The physiological basis of cerebrovascular accidents make gait deficits a common sequelae after stroke . More than 60% of stroke survivors are unable to walk independently after the injury  and, even after rehabilitation, more than half of the cases still present gait-related deficits . Most prevailing deficits after stroke include reduced speed  and increased gait inter-limb asymmetry . These gait impairments can be aggravated in the elderly, due to the natural musculoskeletal and cognitive decline with age [6, 7], where the incidence of stroke is higher . Importance of these deficits relies on their great impact on independence , quality of life , and fall risk . Consequently, their adequate assessment is necessary for a proper diagnosis and to plan, if required, customized interventions to each individual’s condition and evaluate the effectiveness of these interventions.
Assessment of gait is commonly performed in the clinical setting using standardized scales and tests that evaluate different aspects of human locomotion and, in some cases, compare the results of the person being tested with those obtained by a matched healthy sample . Although these tools are easy to administer and, in general, not time-consuming, they can present lack of specificity and, more importantly, may have poor accuracy and be biased by subjective evaluations . Over the years, different technological solutions have been proposed to overcome these limitations. Accurate estimation of spatiotemporal parameters has been enabled by instrumented walkways  and force plates , generally, from ground reaction forces during walking. Estimation of kinematic parameters, however, require the position of several joints to be tracked during the test, which has been indirectly facilitated by different technological solutions that estimate the position of some sensors that are attached to specific body parts [16,17,18]. Among them, optical motion tracking has become the most common alternative for accurate investigation of kinematic gait parameters . Although instrumented systems allow for accurate spatiotemporal and kinematic analysis, their high cost and large size have restricted their use to research laboratories and large clinical centers with high economic resources .
In the last years, the Microsoft Kinect (Microsoft, Redmond, WA), a portable off-the-shelf infrared camera originally intended for entertainment, has enabled human motion tracking without using wearable sensors at a very low-cost.
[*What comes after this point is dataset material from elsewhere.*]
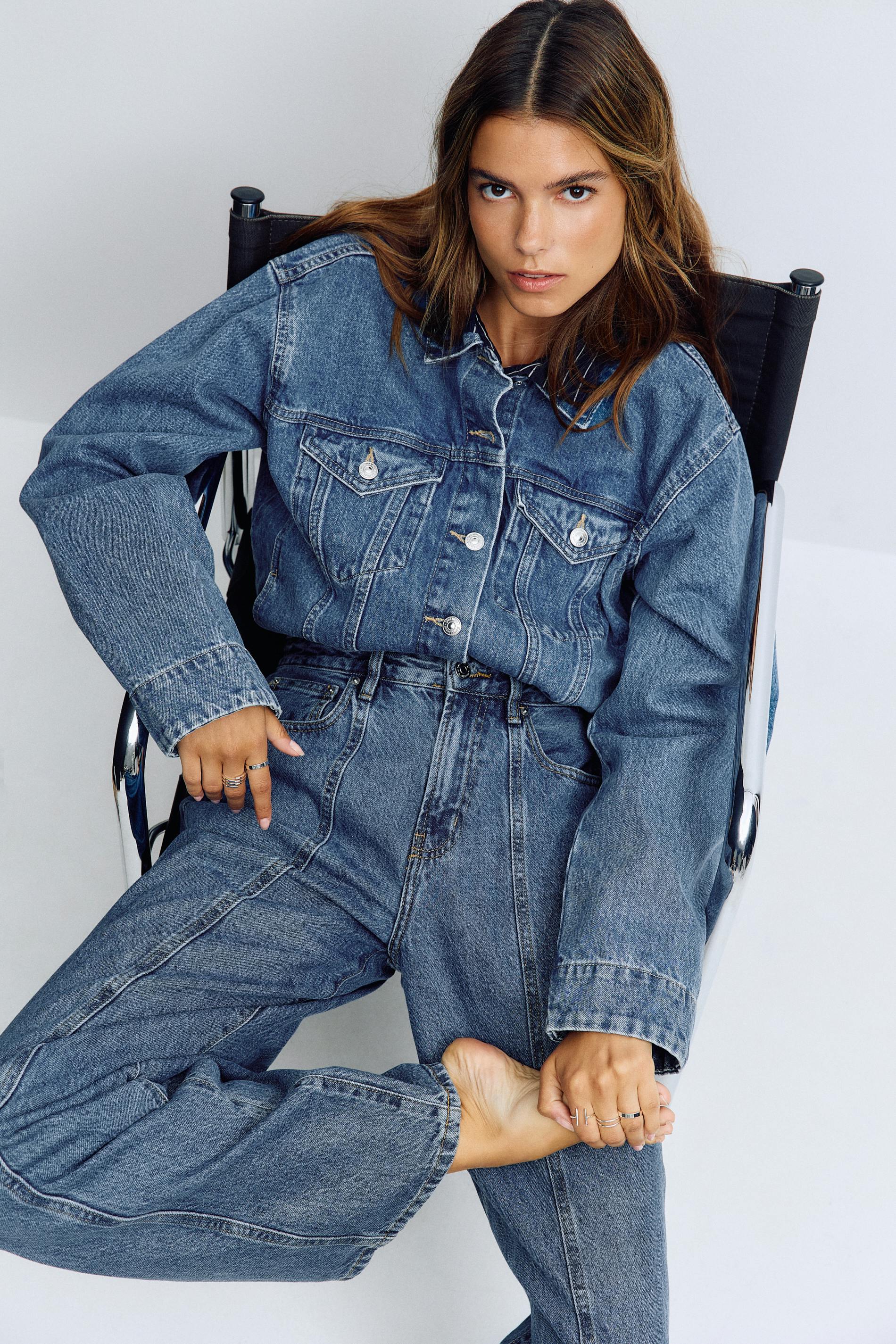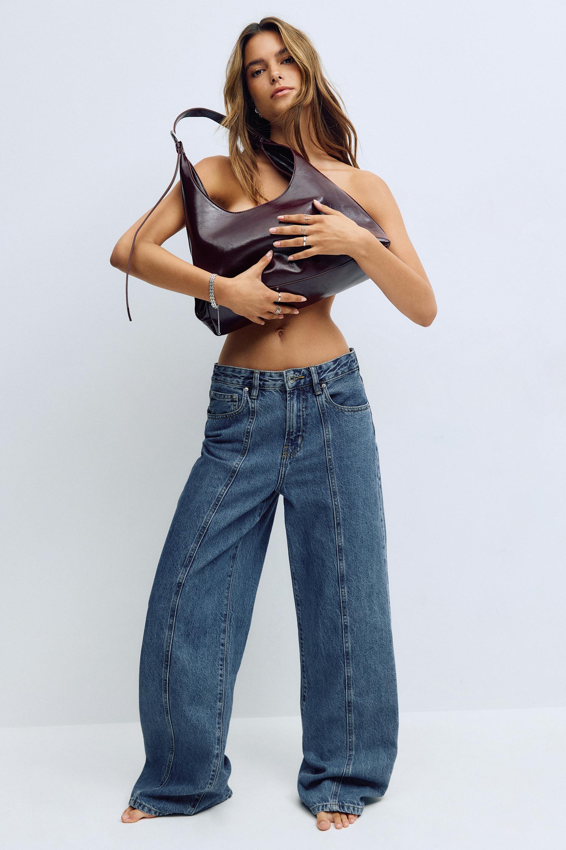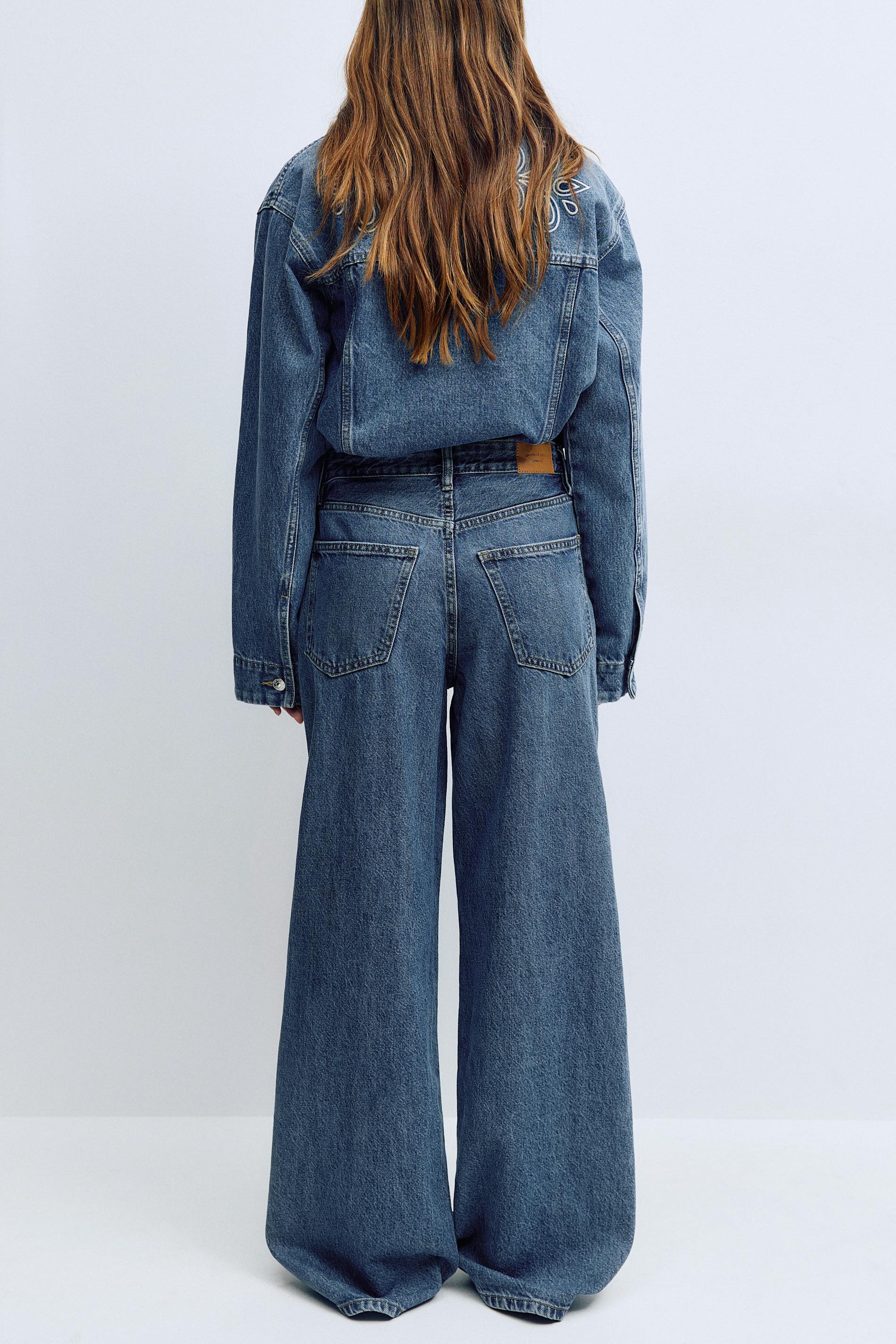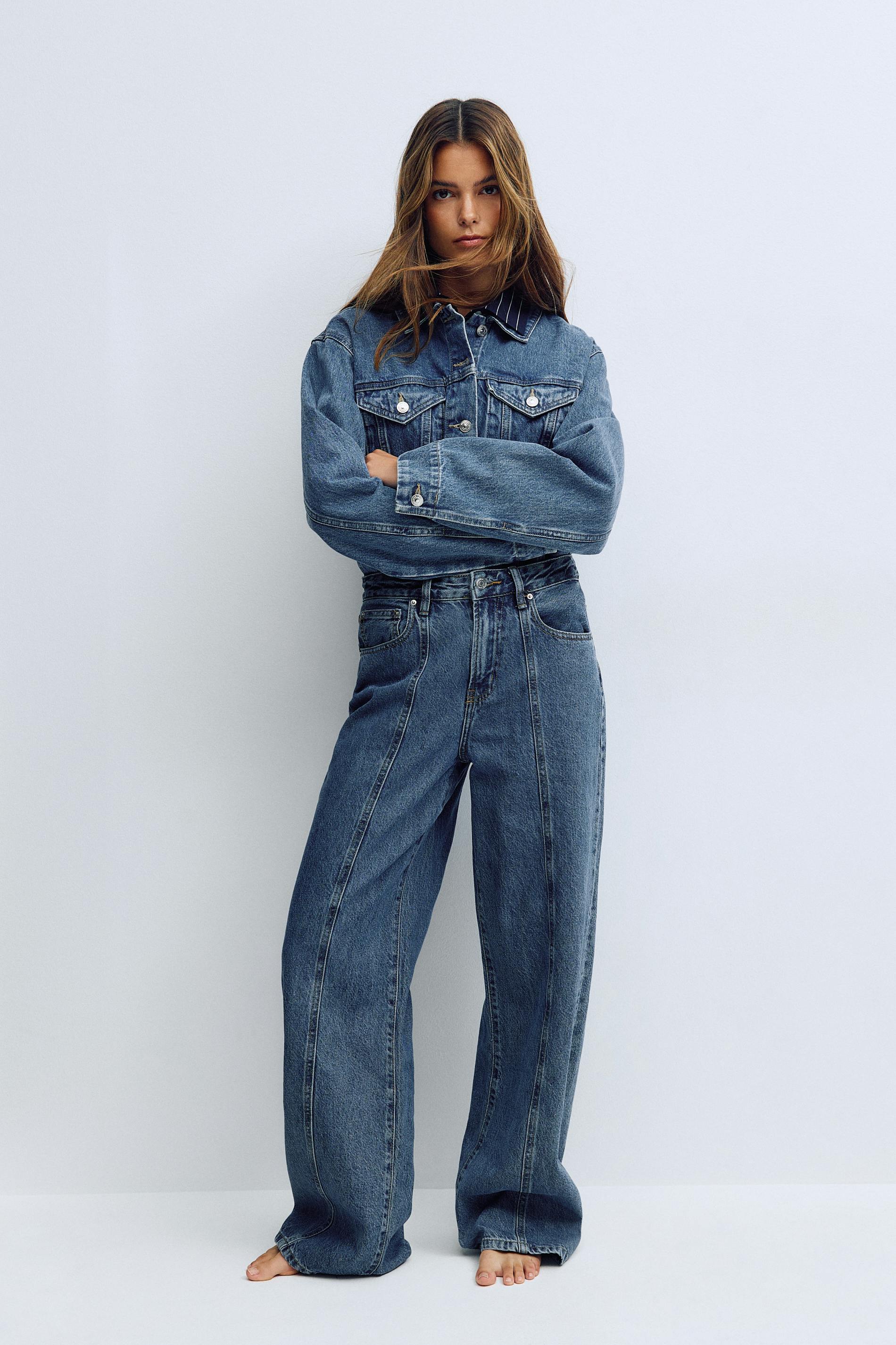 Wide jeans with seams at the front. The jeans are blue and have high waist in non-stretch denim. They have legs with full length, zip fly, belt loops and pockets at the front and back. Use our size guide to find your size.
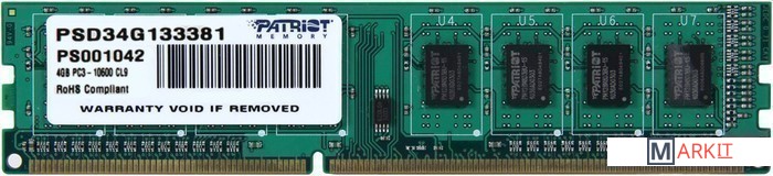 Markit » Оперативная память » Оперативная память Patriot Signature 4GB DDR3 PC3-10600 (PSD34G133381)

Reliability studies have shown comparable performance of the Kinect to laboratory-grade gait analysis systems, for both the first [21, 22] and the second version of the device , known as the Kinect v2, which features improved depth accuracy and number of joints tracked . Characteristics of the Kinect v2 have motivated their use for assessing spatiotemporal [25,26,27] and kinematic parameters of gait [26, 28] with promising results in healthy individuals, even on treadmills [28, 29]. Its reliability in stroke population, however, remains almost unexplored. Little evidence suggests that data retrieved from the Kinect v2 can be used to differentiate healthy subjects from individuals with stroke  and to complement clinical assessment . Despite of the existing data supporting the reliability of the Kinect v2 to assess spatiotemporal and kinematic gait parameters, the unavailability of the software, the limited investigation in individuals with stroke, and the unknown psychometric properties of Kinect-based tests in this population could compromise the clinical relevance of these results.
The objective of this study was fourfold. First, to compare a cohort of individuals with stroke with respect to a group of healthy controls to determine the sensitivity of an open-access Kinect v2-based gait analysis system to motor disability and aging. Second, to determine the concurrent validity of the system with standardized clinical tests in individuals with stroke. Third, to quantify its reliability as defined by the inter and intra-rater reliability, the standard error of measurement, and the minimal detectable change. And, finally, to investigate the ability of the system to identify risk of falls after stroke.